**Input:**
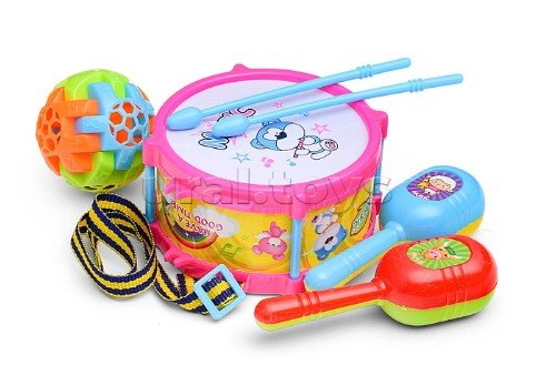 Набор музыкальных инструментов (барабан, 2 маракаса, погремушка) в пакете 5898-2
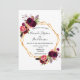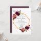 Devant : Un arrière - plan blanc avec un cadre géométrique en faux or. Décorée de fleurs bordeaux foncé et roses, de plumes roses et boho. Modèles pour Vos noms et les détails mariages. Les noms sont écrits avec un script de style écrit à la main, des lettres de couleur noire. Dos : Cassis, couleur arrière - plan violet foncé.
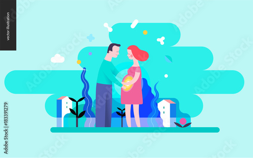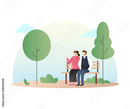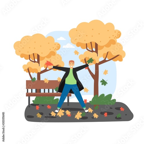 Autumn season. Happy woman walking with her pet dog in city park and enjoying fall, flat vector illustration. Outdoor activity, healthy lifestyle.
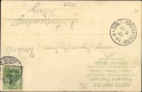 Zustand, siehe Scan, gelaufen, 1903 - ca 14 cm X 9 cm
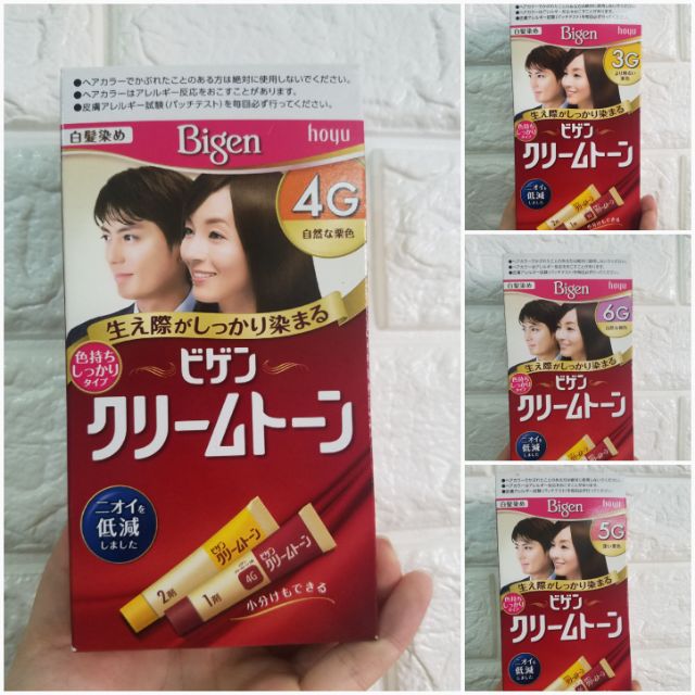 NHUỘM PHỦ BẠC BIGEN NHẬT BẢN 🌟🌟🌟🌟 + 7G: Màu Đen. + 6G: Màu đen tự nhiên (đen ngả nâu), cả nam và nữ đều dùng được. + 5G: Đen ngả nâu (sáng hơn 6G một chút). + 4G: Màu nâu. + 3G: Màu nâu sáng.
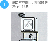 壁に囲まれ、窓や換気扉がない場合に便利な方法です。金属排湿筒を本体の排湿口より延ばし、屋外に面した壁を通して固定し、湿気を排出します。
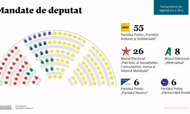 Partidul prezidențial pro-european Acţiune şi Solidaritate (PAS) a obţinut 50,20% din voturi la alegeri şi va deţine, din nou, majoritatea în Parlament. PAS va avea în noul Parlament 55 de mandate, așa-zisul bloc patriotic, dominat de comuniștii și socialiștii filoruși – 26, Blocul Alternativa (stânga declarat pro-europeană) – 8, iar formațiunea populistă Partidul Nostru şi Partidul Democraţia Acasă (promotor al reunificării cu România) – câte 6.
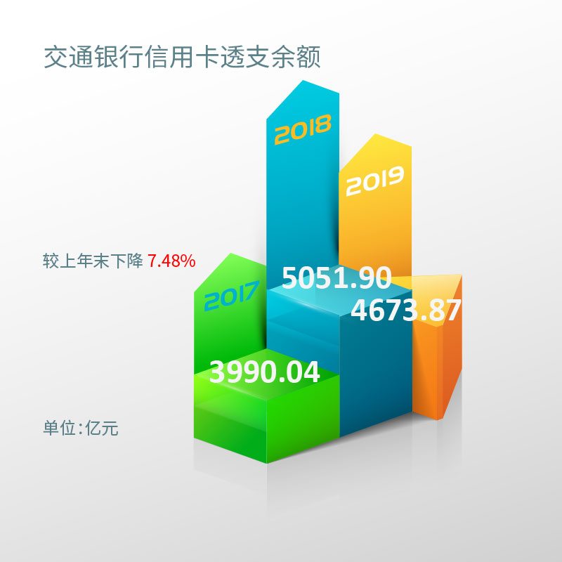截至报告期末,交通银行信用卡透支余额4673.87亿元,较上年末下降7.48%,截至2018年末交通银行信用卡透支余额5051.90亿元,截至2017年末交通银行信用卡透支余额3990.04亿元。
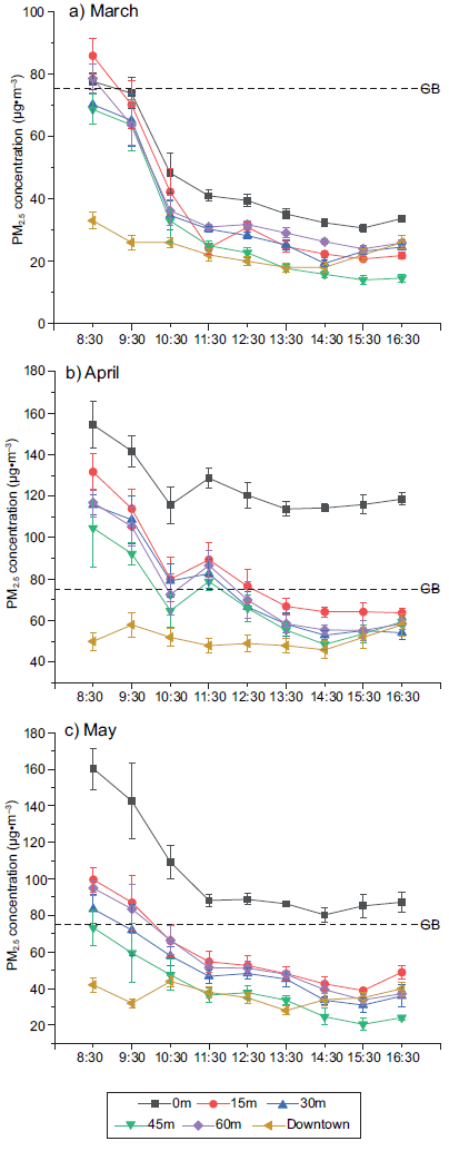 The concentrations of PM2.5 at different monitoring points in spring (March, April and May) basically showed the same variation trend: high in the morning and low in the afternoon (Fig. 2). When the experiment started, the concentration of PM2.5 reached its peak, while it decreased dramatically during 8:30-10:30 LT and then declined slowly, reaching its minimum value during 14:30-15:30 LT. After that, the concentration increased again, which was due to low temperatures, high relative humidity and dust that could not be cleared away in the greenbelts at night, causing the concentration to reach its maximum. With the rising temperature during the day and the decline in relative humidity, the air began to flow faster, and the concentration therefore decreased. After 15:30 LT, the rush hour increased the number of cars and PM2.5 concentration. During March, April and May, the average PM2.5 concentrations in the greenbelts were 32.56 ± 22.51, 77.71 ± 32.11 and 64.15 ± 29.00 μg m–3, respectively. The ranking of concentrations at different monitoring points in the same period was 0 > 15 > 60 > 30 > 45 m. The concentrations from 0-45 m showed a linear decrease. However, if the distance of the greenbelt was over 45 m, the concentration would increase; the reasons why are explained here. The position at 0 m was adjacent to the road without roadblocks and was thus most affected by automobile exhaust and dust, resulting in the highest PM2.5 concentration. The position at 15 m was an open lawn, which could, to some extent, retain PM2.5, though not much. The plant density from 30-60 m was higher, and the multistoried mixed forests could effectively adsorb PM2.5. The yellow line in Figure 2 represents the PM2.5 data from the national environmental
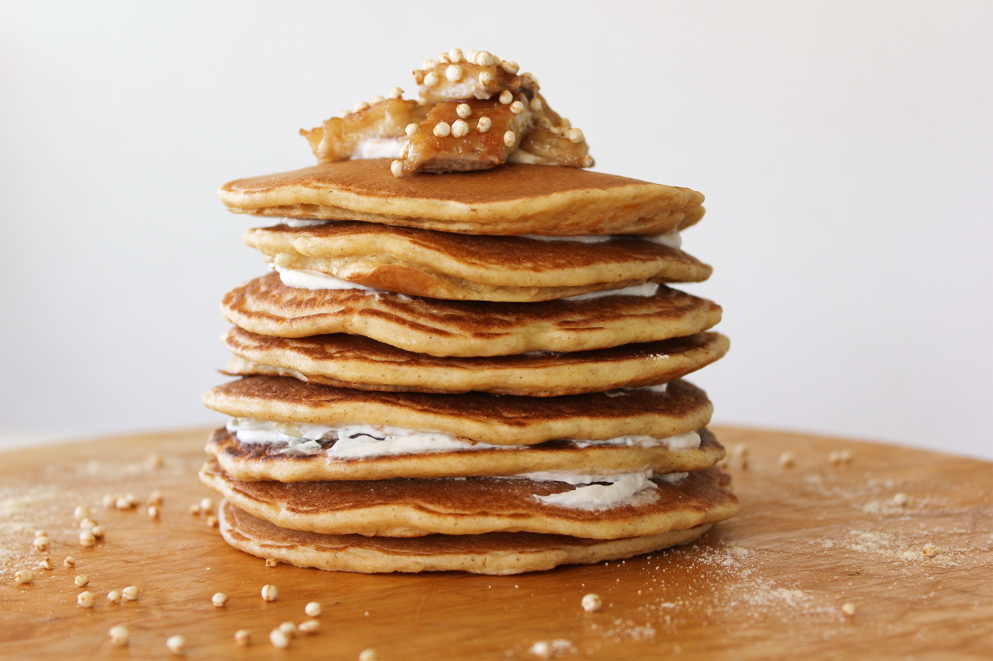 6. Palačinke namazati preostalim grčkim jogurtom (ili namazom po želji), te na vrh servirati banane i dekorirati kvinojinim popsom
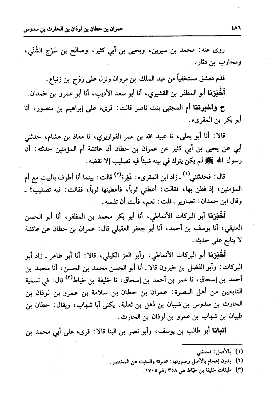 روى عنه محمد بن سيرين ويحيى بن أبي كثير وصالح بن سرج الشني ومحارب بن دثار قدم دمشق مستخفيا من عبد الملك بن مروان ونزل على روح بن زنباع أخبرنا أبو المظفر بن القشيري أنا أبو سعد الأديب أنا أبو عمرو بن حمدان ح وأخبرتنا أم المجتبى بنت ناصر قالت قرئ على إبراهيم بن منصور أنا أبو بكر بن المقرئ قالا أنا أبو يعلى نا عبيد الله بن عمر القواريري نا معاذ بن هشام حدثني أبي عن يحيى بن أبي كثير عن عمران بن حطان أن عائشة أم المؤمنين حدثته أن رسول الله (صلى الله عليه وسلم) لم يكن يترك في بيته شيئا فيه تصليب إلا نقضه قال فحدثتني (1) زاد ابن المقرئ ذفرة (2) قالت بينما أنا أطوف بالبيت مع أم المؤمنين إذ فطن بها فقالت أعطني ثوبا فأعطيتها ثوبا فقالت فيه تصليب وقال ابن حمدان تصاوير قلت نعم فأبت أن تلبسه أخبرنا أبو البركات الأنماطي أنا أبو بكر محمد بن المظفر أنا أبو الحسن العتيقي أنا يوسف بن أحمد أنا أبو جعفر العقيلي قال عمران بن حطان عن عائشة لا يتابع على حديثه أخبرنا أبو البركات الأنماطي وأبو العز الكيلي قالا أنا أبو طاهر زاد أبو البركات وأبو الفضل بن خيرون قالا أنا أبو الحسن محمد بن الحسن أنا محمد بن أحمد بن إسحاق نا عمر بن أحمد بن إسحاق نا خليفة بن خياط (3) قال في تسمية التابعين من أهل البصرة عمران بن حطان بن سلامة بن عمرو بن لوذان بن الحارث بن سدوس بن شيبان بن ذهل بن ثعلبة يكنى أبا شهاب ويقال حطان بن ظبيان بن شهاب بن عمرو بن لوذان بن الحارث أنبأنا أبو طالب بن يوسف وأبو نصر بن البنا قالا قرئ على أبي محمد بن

...

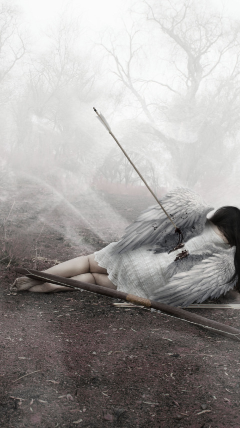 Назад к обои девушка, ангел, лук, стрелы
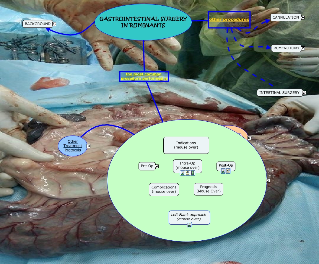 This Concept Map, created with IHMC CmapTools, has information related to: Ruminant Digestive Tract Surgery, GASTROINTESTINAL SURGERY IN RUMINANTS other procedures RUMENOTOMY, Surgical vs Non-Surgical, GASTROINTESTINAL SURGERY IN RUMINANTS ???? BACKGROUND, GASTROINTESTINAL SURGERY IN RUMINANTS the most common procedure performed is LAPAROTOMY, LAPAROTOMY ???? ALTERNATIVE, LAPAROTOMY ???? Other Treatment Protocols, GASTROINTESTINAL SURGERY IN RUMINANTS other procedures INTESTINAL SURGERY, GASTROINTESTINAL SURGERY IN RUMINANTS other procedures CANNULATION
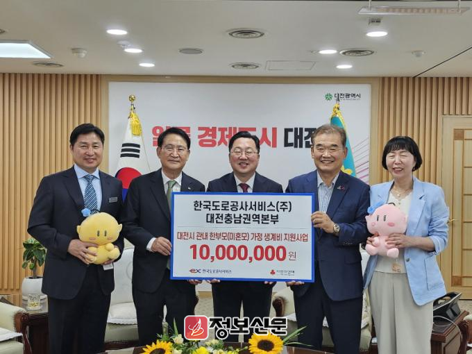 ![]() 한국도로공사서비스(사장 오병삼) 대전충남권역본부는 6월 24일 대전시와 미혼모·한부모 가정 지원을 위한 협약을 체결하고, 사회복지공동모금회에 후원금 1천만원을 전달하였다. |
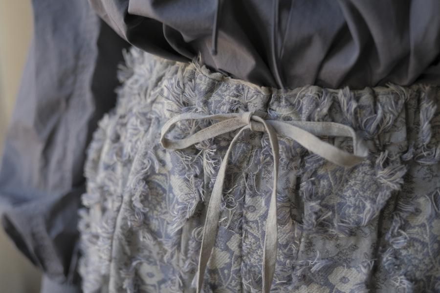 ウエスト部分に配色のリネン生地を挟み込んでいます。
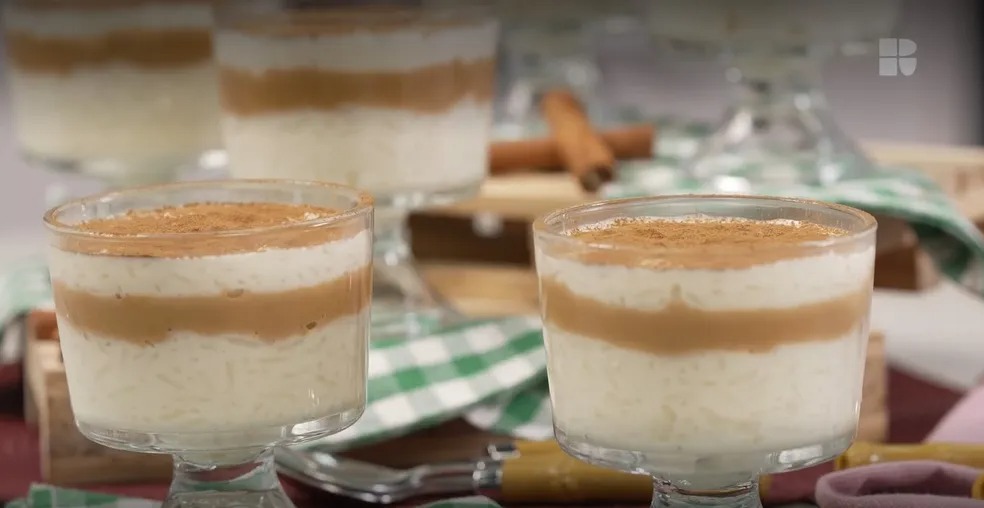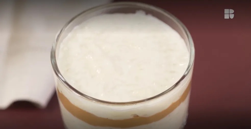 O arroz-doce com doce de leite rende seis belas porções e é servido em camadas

==

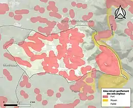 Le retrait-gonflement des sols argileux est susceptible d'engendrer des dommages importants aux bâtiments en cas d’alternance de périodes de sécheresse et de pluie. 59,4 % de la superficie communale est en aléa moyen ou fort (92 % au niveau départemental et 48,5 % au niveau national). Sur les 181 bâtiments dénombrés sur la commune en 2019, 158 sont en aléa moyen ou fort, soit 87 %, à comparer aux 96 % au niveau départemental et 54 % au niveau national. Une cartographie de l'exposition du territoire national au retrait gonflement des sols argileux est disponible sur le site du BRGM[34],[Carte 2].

**Task to complete:**
Using the entries above, transcribe exactly from the line that has "Autumn season. Happy" through the line that has "壁に囲まれ、窓や換気扉がない". Pictures are dropped.

**Task answer:**
 Autumn season. Happy woman walking with her pet dog in city park and enjoying fall, flat vector illustration. Outdoor activity, healthy lifestyle.
 Zustand, siehe Scan, gelaufen, 1903 - ca 14 cm X 9 cm
 NHUỘM PHỦ BẠC BIGEN NHẬT BẢN 🌟🌟🌟🌟 + 7G: Màu Đen. + 6G: Màu đen tự nhiên (đen ngả nâu), cả nam và nữ đều dùng được. + 5G: Đen ngả nâu (sáng hơn 6G một chút). + 4G: Màu nâu. + 3G: Màu nâu sáng.
 壁に囲まれ、窓や換気扉がない場合に便利な方法です。金属排湿筒を本体の排湿口より延ばし、屋外に面した壁を通して固定し、湿気を排出します。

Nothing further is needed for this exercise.